• The data
----
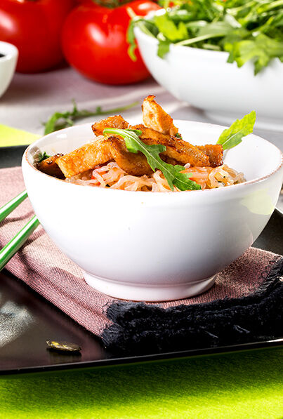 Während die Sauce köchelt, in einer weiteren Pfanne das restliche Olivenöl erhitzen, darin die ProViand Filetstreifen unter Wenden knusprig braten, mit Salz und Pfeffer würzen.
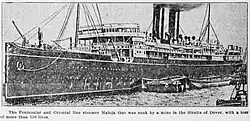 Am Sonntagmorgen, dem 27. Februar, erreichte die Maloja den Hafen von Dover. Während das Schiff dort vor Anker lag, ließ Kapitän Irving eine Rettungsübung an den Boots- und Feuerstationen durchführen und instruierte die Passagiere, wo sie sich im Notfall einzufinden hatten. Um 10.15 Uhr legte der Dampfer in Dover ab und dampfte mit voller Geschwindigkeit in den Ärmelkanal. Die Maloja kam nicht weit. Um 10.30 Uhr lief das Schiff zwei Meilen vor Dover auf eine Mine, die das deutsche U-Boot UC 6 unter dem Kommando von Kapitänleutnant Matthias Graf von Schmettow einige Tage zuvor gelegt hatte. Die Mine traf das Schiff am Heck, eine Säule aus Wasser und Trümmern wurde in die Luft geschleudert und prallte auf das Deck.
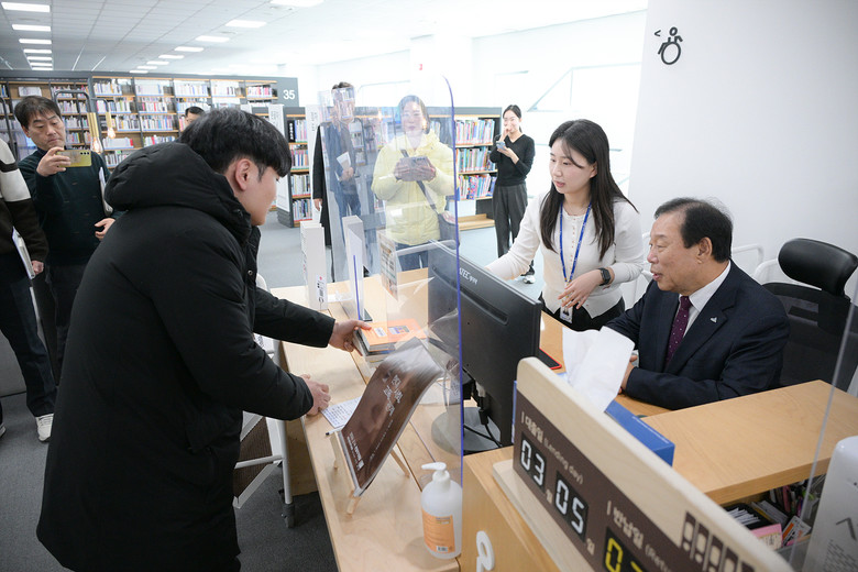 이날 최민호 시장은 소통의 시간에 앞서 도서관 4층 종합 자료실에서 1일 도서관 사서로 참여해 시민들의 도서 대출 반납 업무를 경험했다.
----
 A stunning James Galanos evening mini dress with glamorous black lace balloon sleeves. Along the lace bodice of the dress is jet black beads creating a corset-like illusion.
----
• Exercise goal
Every line from the one with "Am Sonntagmorgen, dem" through the one with "이날 최민호 시장은 소통의" is to be reproduced exactly as written above, and the pictures are to be dropped.

• Solution to the exercise
 Am Sonntagmorgen, dem 27. Februar, erreichte die Maloja den Hafen von Dover. Während das Schiff dort vor Anker lag, ließ Kapitän Irving eine Rettungsübung an den Boots- und Feuerstationen durchführen und instruierte die Passagiere, wo sie sich im Notfall einzufinden hatten. Um 10.15 Uhr legte der Dampfer in Dover ab und dampfte mit voller Geschwindigkeit in den Ärmelkanal. Die Maloja kam nicht weit. Um 10.30 Uhr lief das Schiff zwei Meilen vor Dover auf eine Mine, die das deutsche U-Boot UC 6 unter dem Kommando von Kapitänleutnant Matthias Graf von Schmettow einige Tage zuvor gelegt hatte. Die Mine traf das Schiff am Heck, eine Säule aus Wasser und Trümmern wurde in die Luft geschleudert und prallte auf das Deck.
 이날 최민호 시장은 소통의 시간에 앞서 도서관 4층 종합 자료실에서 1일 도서관 사서로 참여해 시민들의 도서 대출 반납 업무를 경험했다.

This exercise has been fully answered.